Le lundi matin, 47 collaborateurs d'un bureau d'ingénierie vaudois n'arrivent plus à se connecter au Wi-Fi d'entreprise : le certificat client utilisé pour l'authentification EAP-TLS a expiré le dimanche à minuit. Aucune alerte n'avait été configurée. Le DSI passe quatre heures à ré-émettre manuellement les certificats via la console de l'autorité de certification interne, pendant que les équipes basculent sur des hotspots mobiles personnels — hors de tout périmètre de sécurité. Ce scénario se répète chaque trimestre dans des PME romandes qui gèrent leurs certificats à la main.

Pourquoi les certificats endpoints méritent une architecture dédiée

Les certificats X.509 sur les endpoints remplissent trois fonctions distinctes : authentification réseau (Wi-Fi 802.1X, VPN IPsec/TLS), chiffrement de flux (HTTPS interne, S/MIME) et signature de code ou de configuration (profils MDM, packages). Chaque fonction a ses propres durées de vie recommandées et ses propres acteurs dans la chaîne de délivrance.

Durées de vie et seuils d'alerte

Les certificats d'authentification client émis pour les endpoints ont typiquement une durée de validité de 1 an (365 jours) dans les PKI internes, parfois 2 ans pour les certificats machine. Les certificats TLS publics émis via ACME (Let's Encrypt ou ZeroSSL) ont une durée de 90 jours depuis 2024, avec des discussions actives pour descendre à 47 jours d'ici 2025 selon le CA/Browser Forum. Le seuil d'alerte opérationnel raisonnable est de 30 jours avant expiration pour les certificats internes, 15 jours pour les certificats ACME à renouvellement automatique — pour détecter un échec de renouvellement avant l'expiration effective.

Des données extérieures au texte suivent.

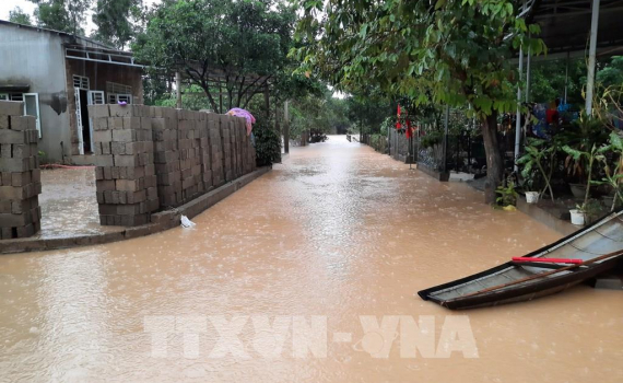 Mưa lũ kéo dài khiến nhiều tỉnh miền Trung ngập sâu trong nước. Ảnh: Hồ Cầu-TTXVN
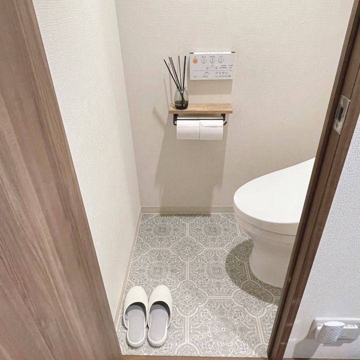 トイレはペーパーホルダーとクッションフロアをチェンジ。
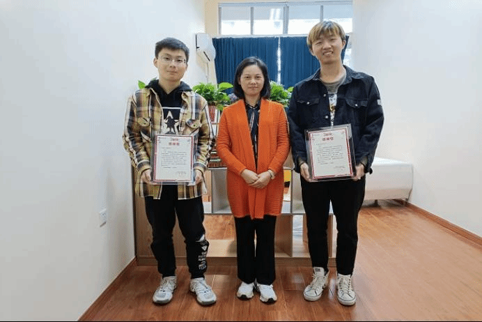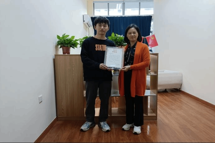 陈祎为王钒宇、丁镛焜同学颁发感谢信
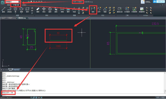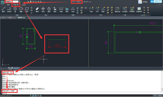 又一次驗證成功,從上面的截圖中我們可以明顯的看到經過修改CAD測量標注比例,標注的結果就變成了我們想要的50,但是之前的標注結果還是1000,因為在浩辰CAD看圖王電腦版中,修改了標注測量的參數后,只會改變之后的標注,對于之前已經標注好的部分,是不會發生任何改變了,這也就說明在浩辰CAD看圖王電腦版中我們是可以設置多個不同的標注比例!
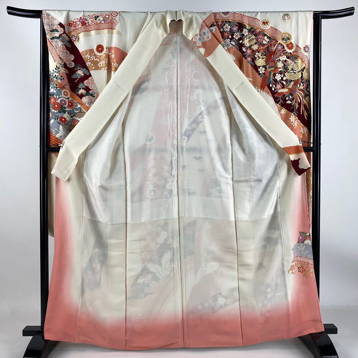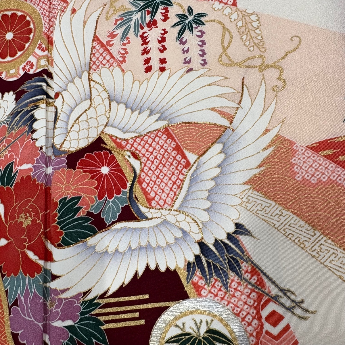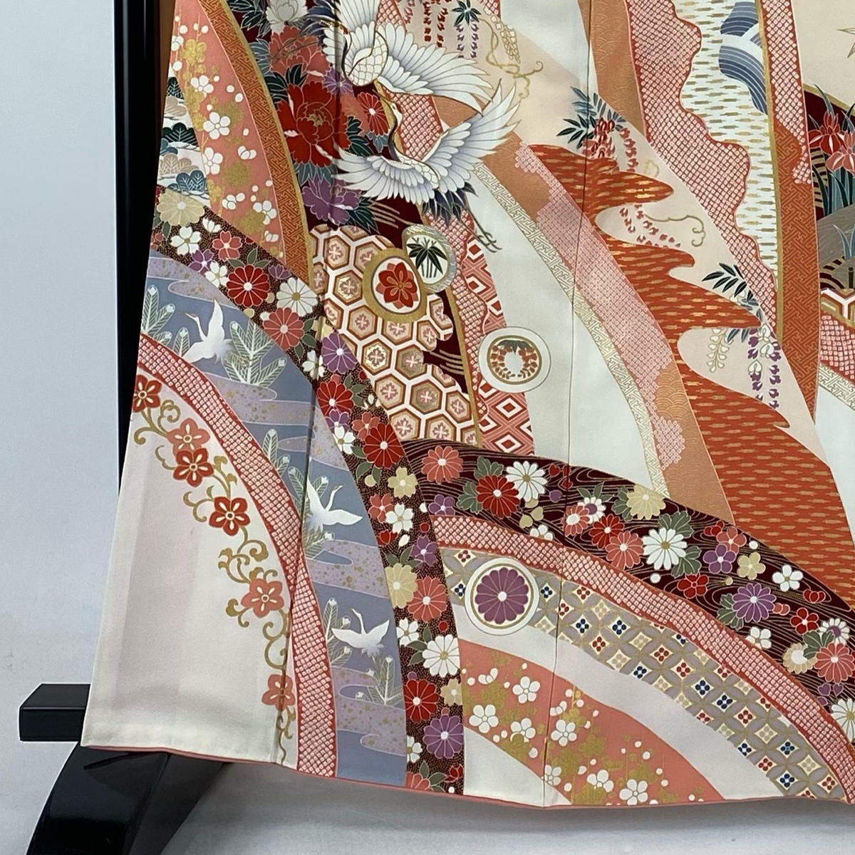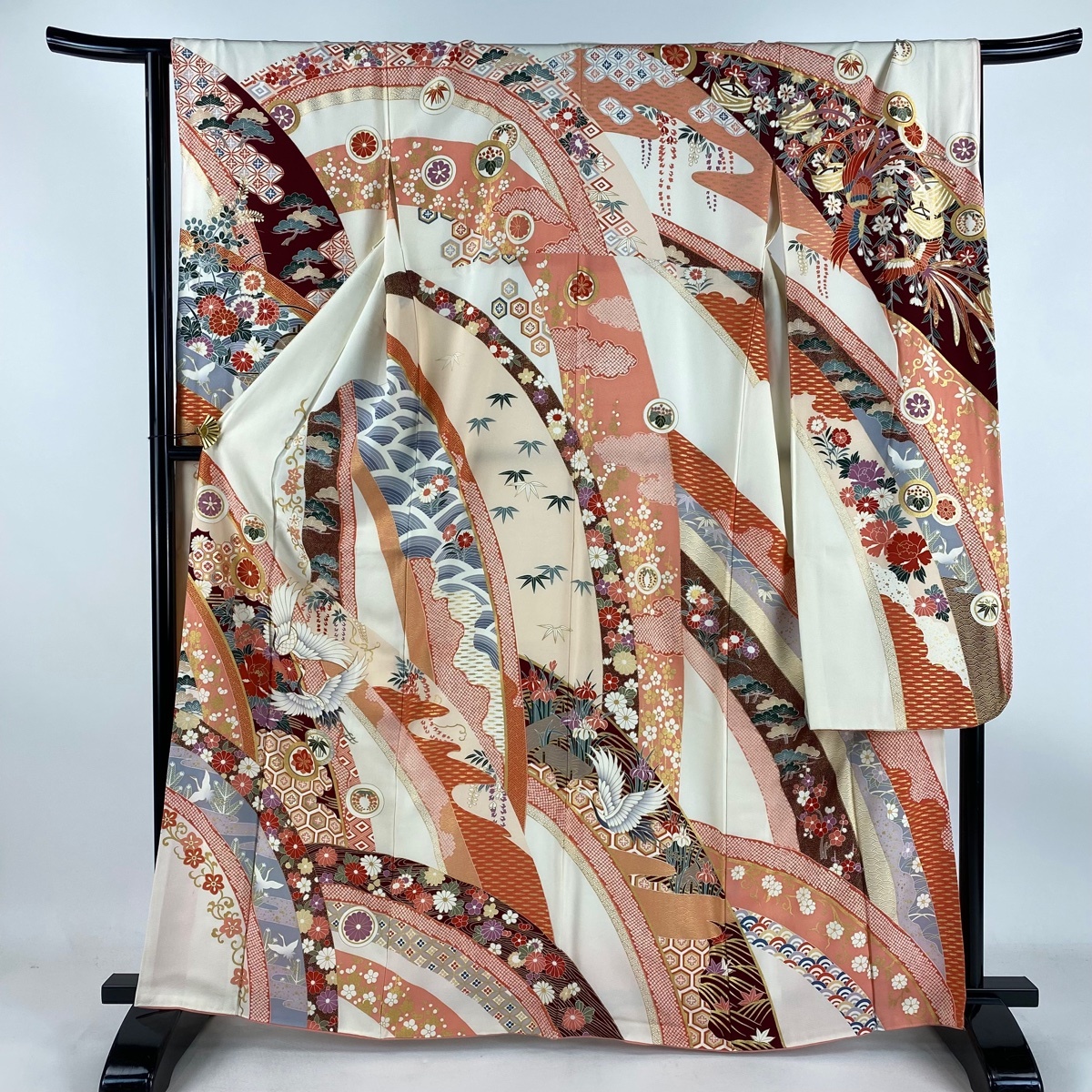 | 振袖 秀品 鶴 松竹梅 金糸 金銀彩 クリーム 袷 身丈163 裄丈66.5 M 正絹 【中古】 |

PKI interne vs autorité publique : quand choisir quoi

Pour les PME de 20 à 150 endpoints, deux modèles coexistent :

  • PKI interne (ADCS / Microsoft CA, EJBCA, OpenXPKI) : indispensable pour les certificats d'authentification client (EAP-TLS, VPN) et les certificats machine joints à Active Directory. Les certificats sont émis par une CA racine interne dont le certificat est poussé via GPO ou profil MDM sur tous les endpoints.
  • CA publique via ACME : adapté aux services exposés (reverse proxies, portails intranets accessibles depuis Internet), aux endpoints qui hébergent un service HTTPS, et aux cas où la gestion d'une PKI interne dépasse la capacité opérationnelle de l'équipe IT.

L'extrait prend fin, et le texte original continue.